━━━ Extracted entries

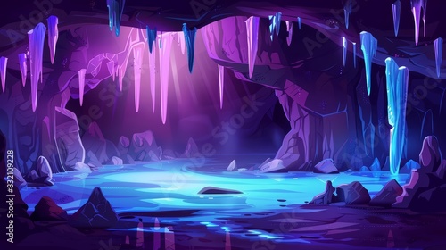 Mystery landscape of a cave with glowing stalactites and a hidden underground lake, solid color, illustration template
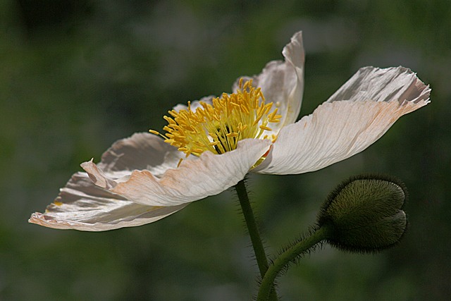 Das sind ja ungewöhnliche Ranunkeln in Deiner rosa Komposition, habe ich noch nie gesehen. Den Mohn habe ich gestern irgendwo in einem Kübel gefunden, vielleicht war er vorkultiviert. Die Knospenhüllen sind so schwarz behaart, also keine EBV-Erscheinung. Bei dem Bild vom Mohn im Gegenlicht heben sich die Härchen besser den Hintergrund ab. (Interessanterweise sehe ich erst hier an den Blütenblättern einen rosa Schimmer, in der grellen Sonne hätte ich schwören können, sie seien weiß.... )Liebe Grüße, Artemisia
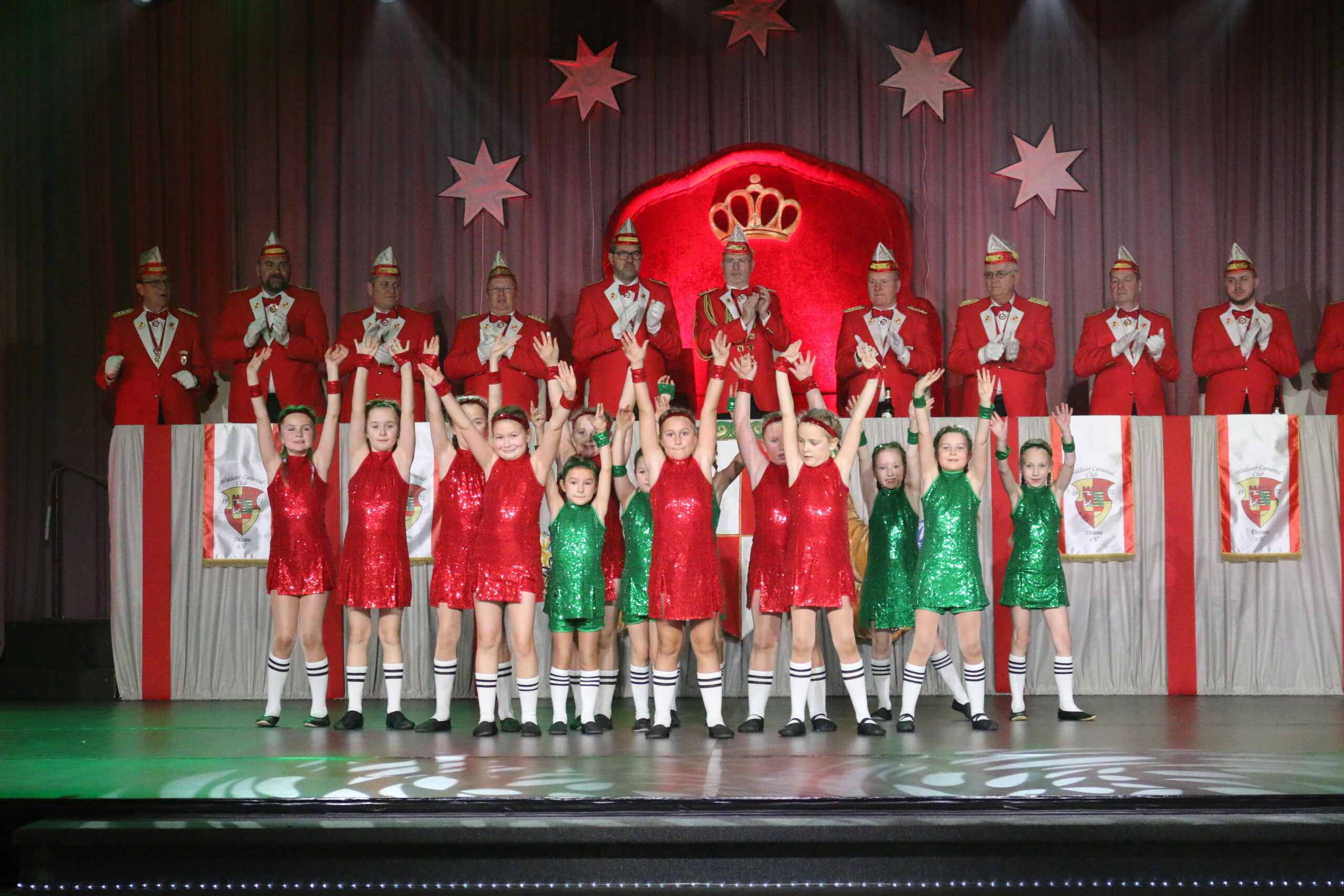Hier trainieren die 11-14 Jährigen fröhliche Schautänze, die jedes Jahr wieder uns und unser Publikum erfreuen und das Abendprogramm der Veranstaltungen abrunden. Auch außerhalb der Veranstaltungen zeigen sie in bunten Kostümen ihr Können.
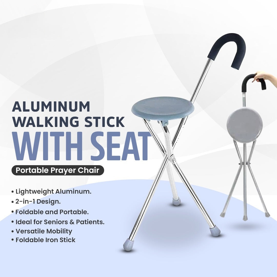 Folding Portable Namaz Chair, Walking Stick, Lightweight Cane Seat Great For Travel Camping Hiking Chair Tripod Cane
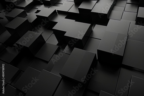 A minimalist and modern image showcasing a geometric arrangement of black cubes on a matte surface, ideal for abstract art and design themes.
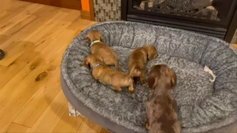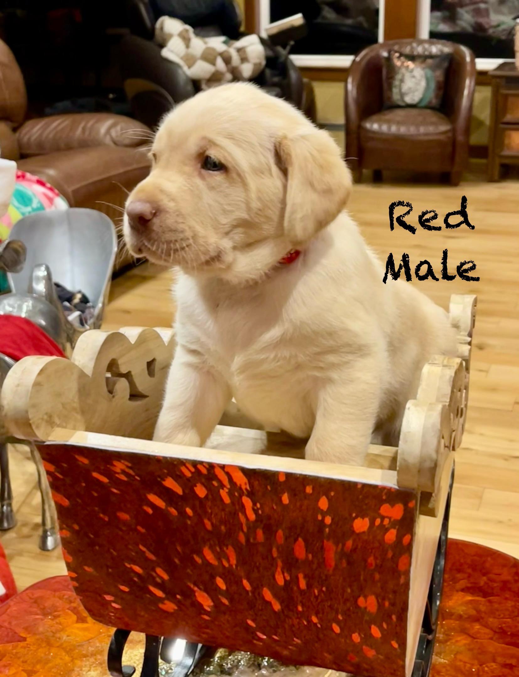 Red collar is the largest puppy from this litter. He plays well with all the other dogs and also will chill playing with a toy

━━━━━━

(What you have to do): Once the line containing "Hier trainieren die" is found in the records above, it and every line after it up to the last must be repeated exactly, without pictures.

(Exercise solution):
Hier trainieren die 11-14 Jährigen fröhliche Schautänze, die jedes Jahr wieder uns und unser Publikum erfreuen und das Abendprogramm der Veranstaltungen abrunden. Auch außerhalb der Veranstaltungen zeigen sie in bunten Kostümen ihr Können.
 Folding Portable Namaz Chair, Walking Stick, Lightweight Cane Seat Great For Travel Camping Hiking Chair Tripod Cane
 A minimalist and modern image showcasing a geometric arrangement of black cubes on a matte surface, ideal for abstract art and design themes.
 Red collar is the largest puppy from this litter. He plays well with all the other dogs and also will chill playing with a toy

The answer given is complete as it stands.